A private finance initiative firm charging taxpayers almost £870,000 a year for an empty school has paid out millions to shareholders since the academy’s closure.
The Kingsway Academy on Merseyside has sat empty since the summer of 2018. The Northern Schools Trust blamed its closure on “crippling legacy PFI payments” and low pupil numbers.
Wirral council must pay the site’s owners £867,500 a year, rising annually with inflation, until 2031.
Accounts show Wirral School Services, the owner of Kingsway and eight other schools, paid £917,000 in dividends and made £2.1 million in profits in 2019-20 and 2020-21 combined.
Its parent company, XJ4 Holdings Company, which oversees 50 schools, netted profits of £3.7 million and paid dividends of £5.4 million over the same period.

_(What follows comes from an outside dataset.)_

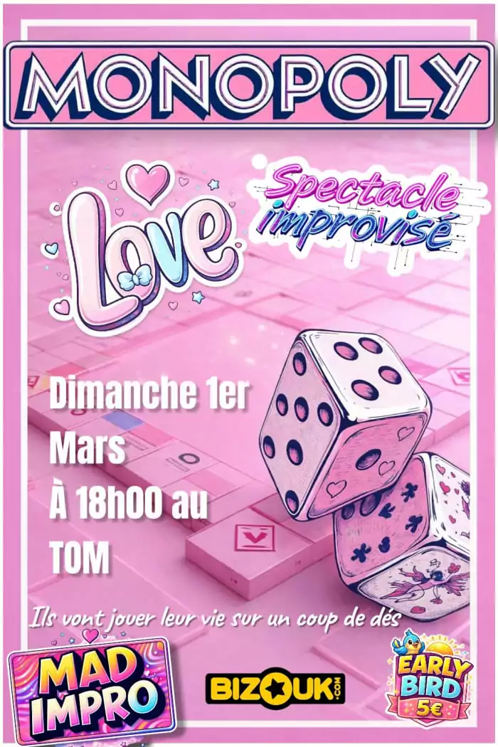 Monopoly du Love, created by the Mad Impro collective, is an evening where love becomes a game... and the game becomes completely uncontrollable. On stage, couples face off against each other on a revisited Monopoly board. With each throw of the dice, the rules change, situations get out of hand and the comedians improvise without limit. It's all about fun, absurd twists and turns, and lots of laughs. Alliances are made and broken, couples explode, reform, cheat... just like in real life, but much funnier. Nothing is written in stone, anything can happen, and above all... no one is safe from a bad move by des. You don't know the story they're playing out in front of your eyes... Neither do they. TOM, Teat' Otonom Mawon , Croix Mission, Boulevard du General de Gaulle, 122 rue Victor Severe, Fort de France Improv theater company made in Martinique Mad Impro, 0696 18 11 64, Lemontdesoliviers@gmail.com

It forms part of the investment firm Semperian, whose website says it is owned mainly by UK pension funds “seeking a reliable, index-linked, lower-risk return”.
Wirral is one of many councils stuck with rigid and costly PFI contracts. Ministers ditched new contracts in 2018, but admitted that the “ruinous penalty clauses” of existing deals made exiting difficult.
Wirral council documents say it “explored” other uses for the school buildings in 2019. Covid disrupted plans, but councillors approved consulting on the relocation of Clare Mount Specialist Sports College on Thursday night, the Liverpool Echo reports.
Relocation will mean a “reduction” in council costs, official papers say, with discussions continuing over “reasonable” contributions, suggesting that extra subsidies may continue.
Clare Mount has 249 pupils, while the site has capacity for 1,500. Officials will “explore other uses” for another part of the site.
Dame Angela Eagle, the local Labour MP, said: “This government allowed this profit-taking to happen without any public interest.”
She said PFI deals under the last Labour government did not anticipate such circumstances. “You don’t close brand new schools.”
Wirral and Semperian did not comment.